A slick combo romantic comedy/espionage noir in which the audience may – or may not – be as duped as the characters, Duplicity takes distrust as a vocation to a high art. There’s also lots of surveillance on hand, as to how literally undercover spy sex possibly plays out problematically behind closed bedroom doors.
Written and directed by Tony Gilroy (The Bourne Trilogy, Michael Clayton), Duplicity stars Julia Roberts as CIA operative Claire Stenwick and Clive Owen as MI6 agent Ray Koval. After the two globe trotting masters of mutual deceit have a sexual encounter in Dubai, during which Claire drugs Ray into submission because she really needs to swipe those Egyptian military codes from him, they meet again a few years later somewhere else on the planet. And on far from friendly terms, when they find themselves working for the same company.
It seems that both have coincidentally quit government positions, for more lucrative gigs in private sector industrial espionage. And in a rare high point of this low intensity intimate relationship in progress, Roberts does a fruitless damage control vampy seductress showstopper, as she attempts to squirms her way through one night stand pretend amnesia. But too late, her male prey never forgot her toe rings.
Subsequently dividing their time between hot dates and ruthless yet strangely comical confrontations between two multinationals run by scary CEO rivals Howard Tully (Tom Wilkinson) and Richard Garsik (Paul Giamatti), Claire and Ray come up with a scheme for a different kind of screwing.
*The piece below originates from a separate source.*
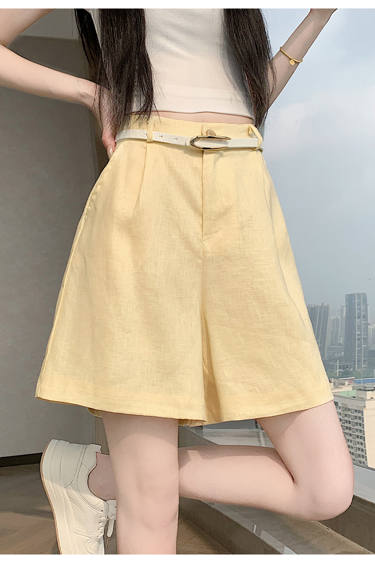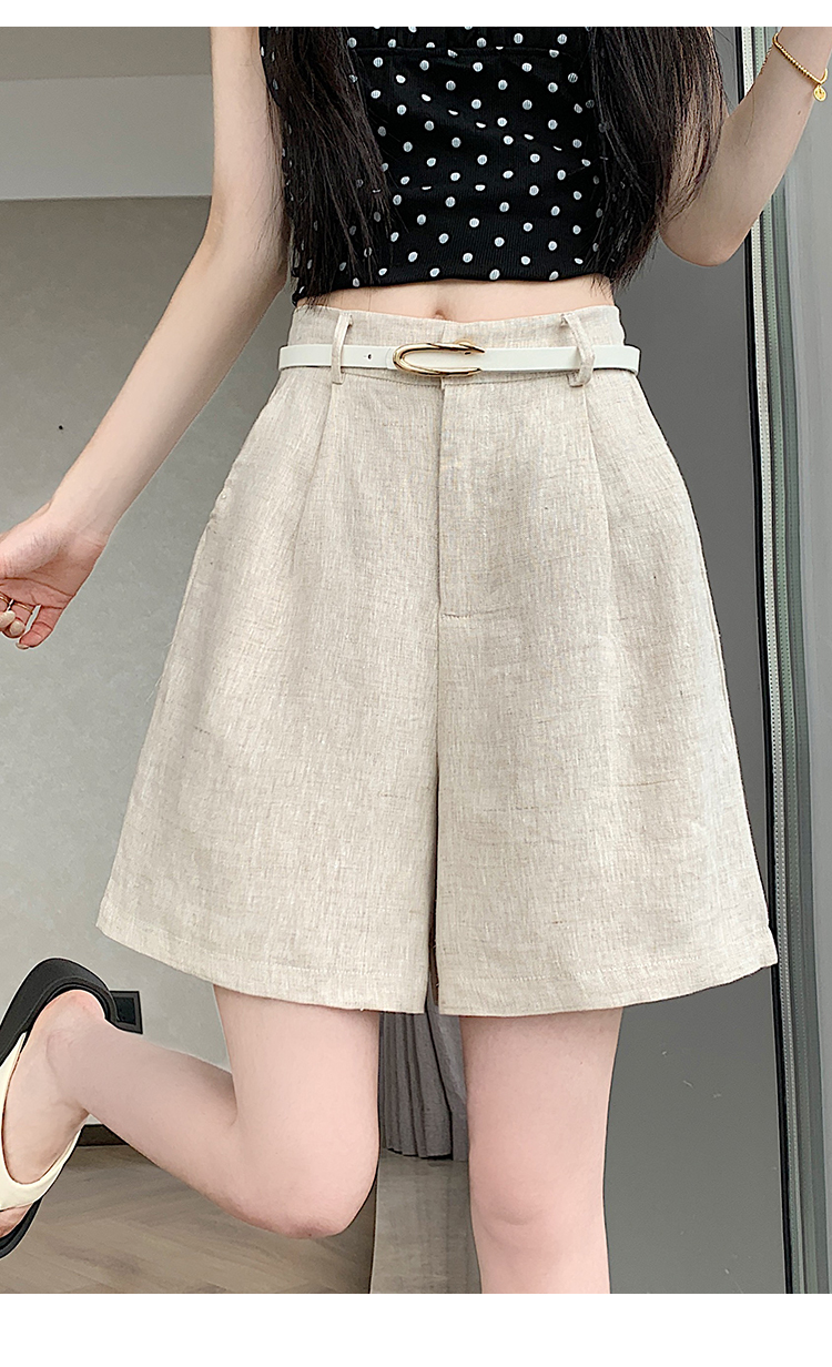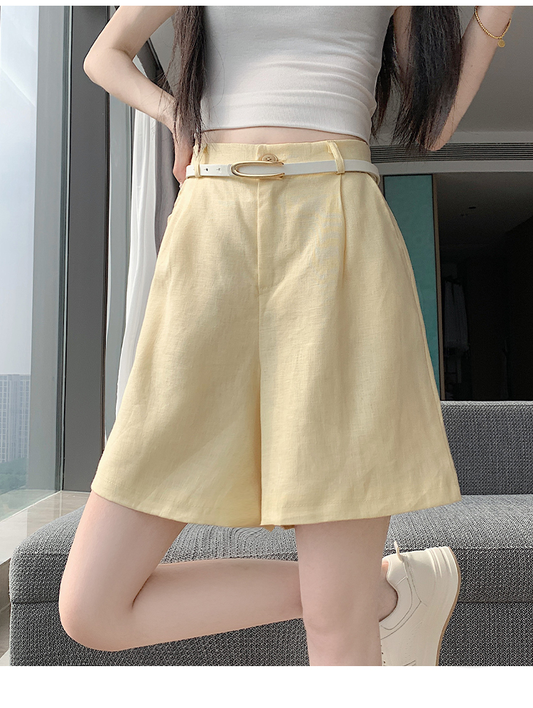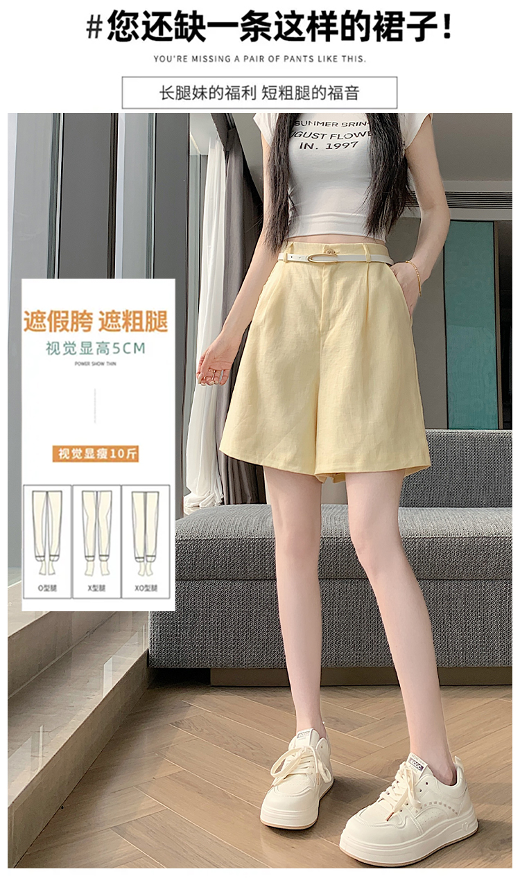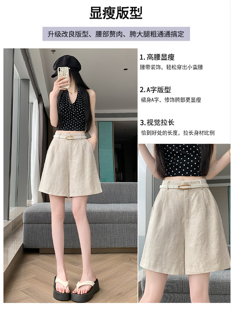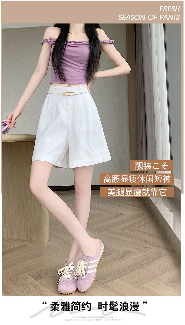 RY4281# 实拍2026新版网红辣妹高级亚麻面料百搭高腰短裤 阔腿裤配送腰带

That is, screwing the competing cutthroat companies and dividing the profits.
The problem here is not with the many hidden agendas but with the movie, in that there’s a whole lot more sizzling negative chemistry between Giamatti and Wilkinson, than any of the positive kind between those two designated libidinous lovebirds. Even when engaged in espionage style makeup sex or repetitive, smartly stylized premeditated dumping scenarios between lovers. It’s as if Clive has emotionally crumbled in the face of Julia’s star power, and she’s just decided to play her celeb self for the duration.
In effect, both are virtually upstaged by the nonstop, dizzying mix ‘n match time travel entertaining intrigue, of which there’s plenty, and the corporate thuggery that plays out like mercantile armies deployed and on the offensive to protect their respective fiefdoms, as flabby assassins in suits go at it like the Keystone Cops. Though the clownish antics may seem too benign for some, when assessing the current suspect real life rap sheets of multinationals on display.